Here is the man....hes the designer of the holy pacemaker...also he designed the Delta ray and some more goodies....great man


----------



## kreika (Sep 14, 2017)

Another great example of the other style Pacemaker!!!


----------



## fordmike65 (Sep 14, 2017)

kreika said:


> Another great example of the other style Pacemaker!!!



So it's true?? Some Pacemakers used pinched fenders? Would this be later, say '41?
https://thecabe.com/forum/threads/n...ercury-pacemaker-run-39-41.63271/#post-381405

@manuelvilla
Are those fenders & crankset original to that bike?


----------



## Rides4Fun (Sep 14, 2017)

Very nice bike, Manuelvilla!  I look forward to seeing    
more photos of your project and your progress.


----------



## kreika (Sep 14, 2017)

fordmike65 said:


> So it's true?? Some Pacemakers used pinched fenders?
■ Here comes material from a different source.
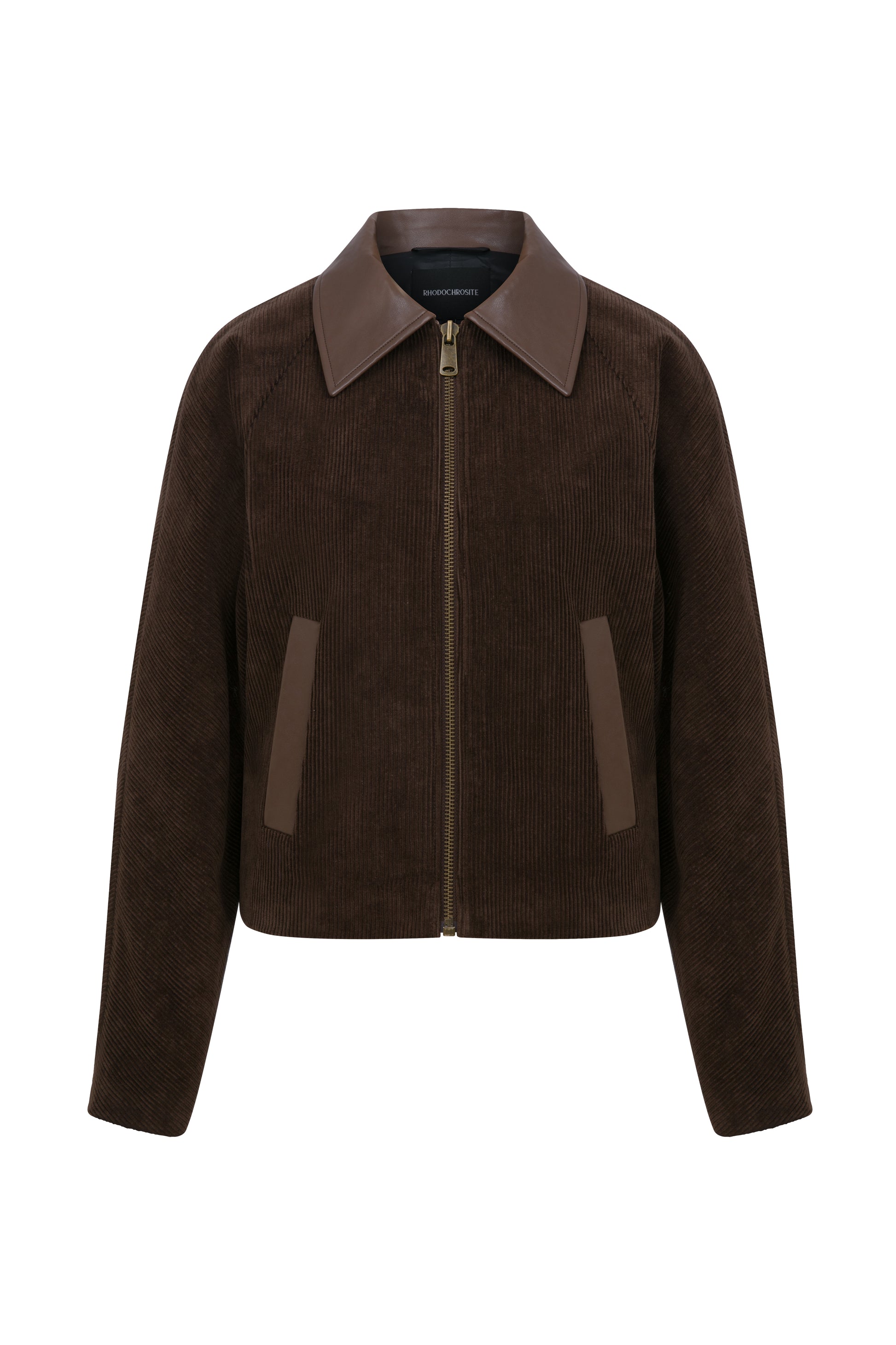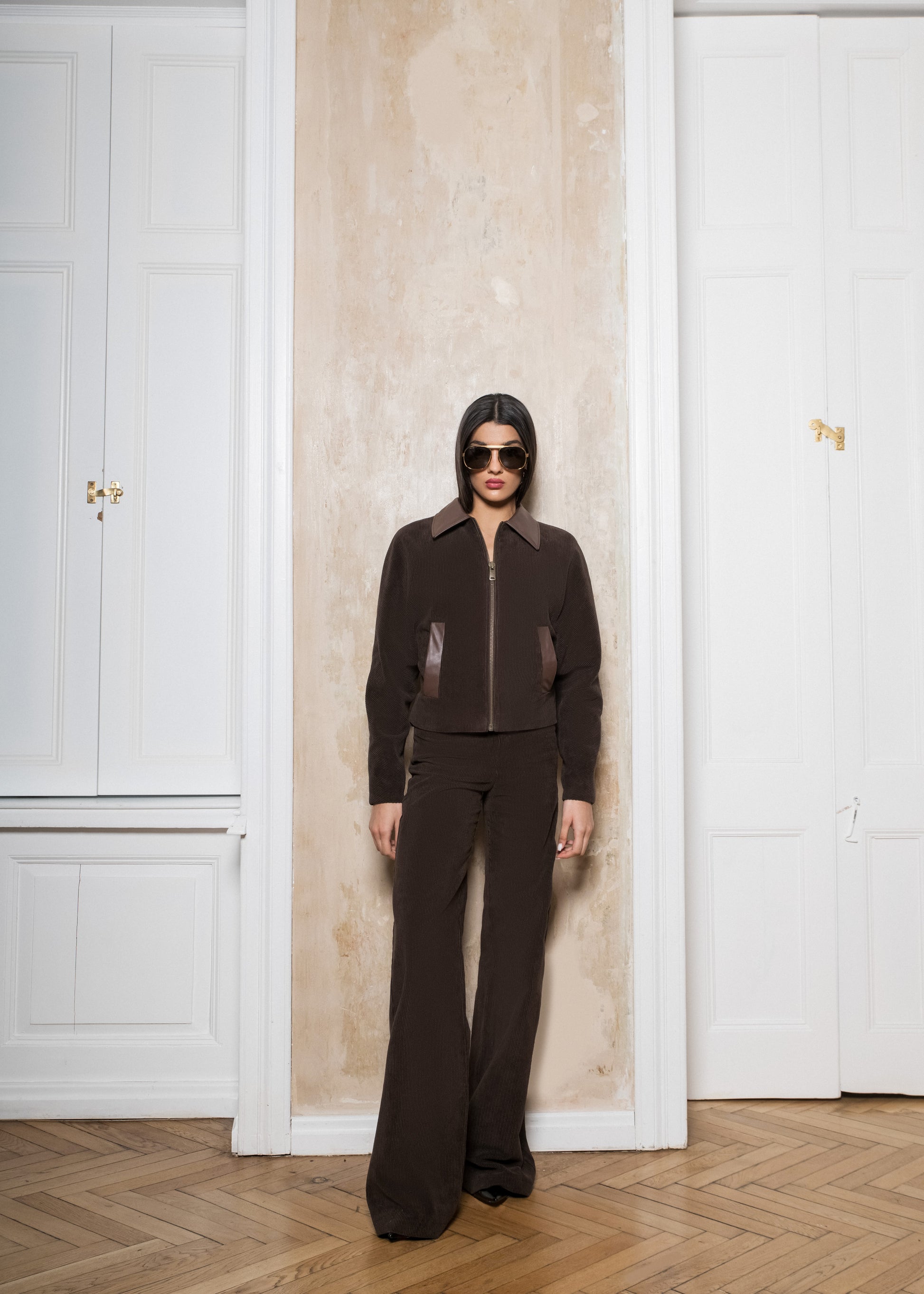 Deri yaka,deri flato cep detaylı kadife ceket.

Would this be later, say '41?
> https://thecabe.com/forum/threads/n...ercury-pacemaker-run-39-41.63271/#post-381405
> 
> @manuelvilla
> ...




I believe they may have made them all during the production 1939-1941. I can only say for sure 1940. As I have two them this style with ME1234 serials. I've yet to figure out why there's these differences. The pinched fenders type had a different frame,chain ring,rack,and fenders. I once thought maybe they were the off brand i.e. Western Flyer or Gambles but no. Or possibly a lower end model but I've seen lit models,so no there also. It's a mystery that may be lost too time.


----------



## kreika (Sep 14, 2017)

fordmike65 said:


> So it's true?? Some Pacemakers used pinched fenders? Would this be later, say '41?
> https://thecabe.com/forum/threads/n...ercury-pacemaker-run-39-41.63271/#post-381405
> 
> @manuelvilla
> ...




In your lower pic, the primed bike, the frame isn't like Manuelvilla's. Check the seat post bolt mount. The primed has the extra metal band. Manuelvilla nothing. Check his seat post bolt. In the frame. The primed, in that band. There could be exceptions to the rule but I believe the primed bike should have the more round fender tip fenders and only two concentric cut outs in the chain ring.


----------



## kreika (Sep 14, 2017)

@manuelvilla whats your serial number start with? MD is 1939 ME is 1940 MF is 1941....really like to date it. Please and thank you.


----------



## manuelvilla (Sep 14, 2017)

kreika said:


> @manuelvilla whats your serial number start with? MD is 1939 ME is 1940 MF is 1941....really like to date it. Please and thank you.



I will check it tomorrow @kreika @kreika ...thank you for all the info...i will be on touch..

I have a questions...

Why the front fender has same desing as for example elgin twin bar..also the rear has same desing...actually all frame looks like a elgin design....who copied the style...elgin or viktor???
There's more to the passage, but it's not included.